About this exercise: Your answer should be an exact copy of the lines from the one holding "魏家崗棚改房1幢A座1層1號部分商鋪招租公告" to the end of the material below, pictures left out.

Data below:

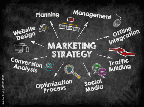 Wall mural marketing strategy concept. chart with keywords and icons. black board with texture, background. - Wall murals Wall mural marketing strategy concept. chart with keywords and icons. black board with texture, background. - Wall murals
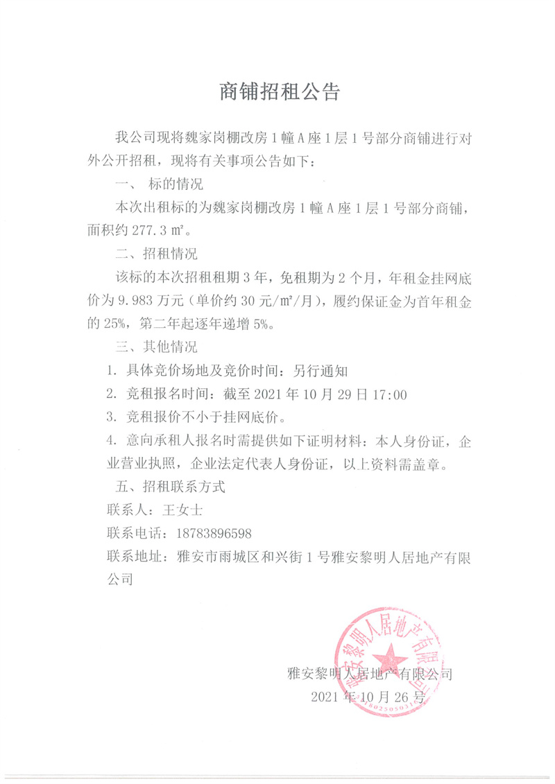 魏家崗棚改房1幢A座1層1號部分商鋪招租公告
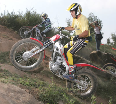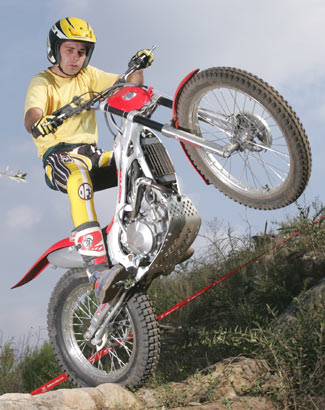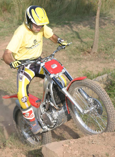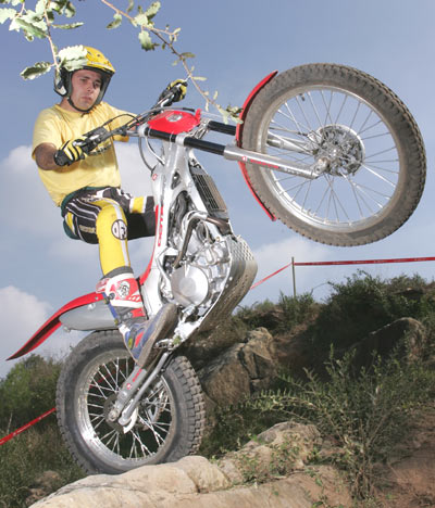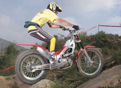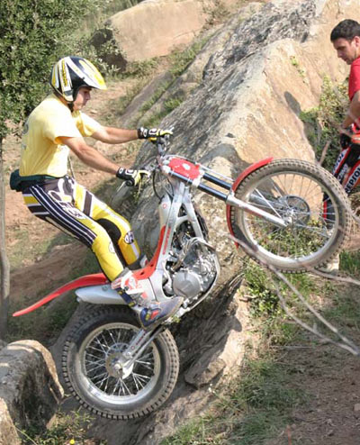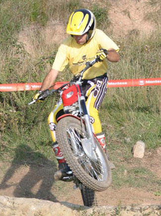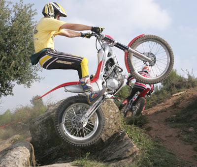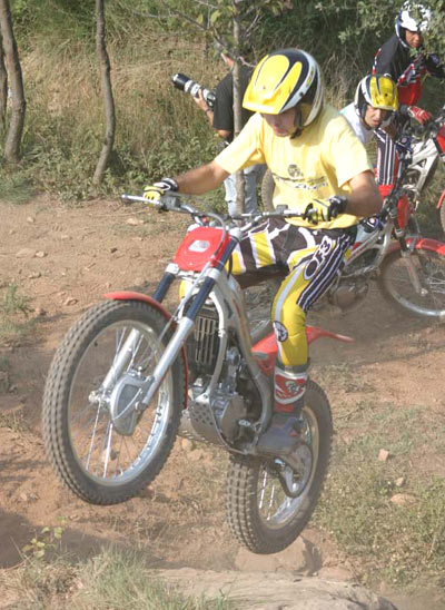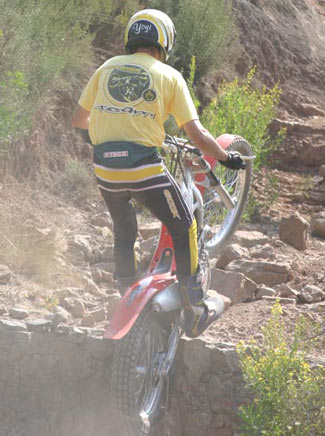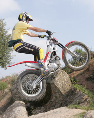 Equilibrio y cambios en parado. Me dispongo a probar la moto en otro tipo de maniobras, equilibrio y cambios en parado. La sensación de peso no es superior a la de una Cota 315, aunque sí en comparación con mi Pro. En algunos momentos la siento cabezona, pesada de la parte delantera. Sin embargo realizo perfectamente giros con la rueda delantera levantada en el aire, para lo que necesito dar muy poco gas. La moto se hace manejable, fácil de utilizar, pero claro, más pesada y cabezona que una Sherco o una Gas Gas Pro. Lo mismo a la hora de mantener el equilibrio en parado, me cuesta algo más que en las motos de otras marcas, aunque es más o menos como me sucedía con la Cota 315. Quizás el haber reducido unos grados el avance de la horquilla también perjudique un poco en este sentido.

Answer below:
 魏家崗棚改房1幢A座1層1號部分商鋪招租公告
 Equilibrio y cambios en parado. Me dispongo a probar la moto en otro tipo de maniobras, equilibrio y cambios en parado. La sensación de peso no es superior a la de una Cota 315, aunque sí en comparación con mi Pro. En algunos momentos la siento cabezona, pesada de la parte delantera. Sin embargo realizo perfectamente giros con la rueda delantera levantada en el aire, para lo que necesito dar muy poco gas. La moto se hace manejable, fácil de utilizar, pero claro, más pesada y cabezona que una Sherco o una Gas Gas Pro. Lo mismo a la hora de mantener el equilibrio en parado, me cuesta algo más que en las motos de otras marcas, aunque es más o menos como me sucedía con la Cota 315. Quizás el haber reducido unos grados el avance de la horquilla también perjudique un poco en este sentido.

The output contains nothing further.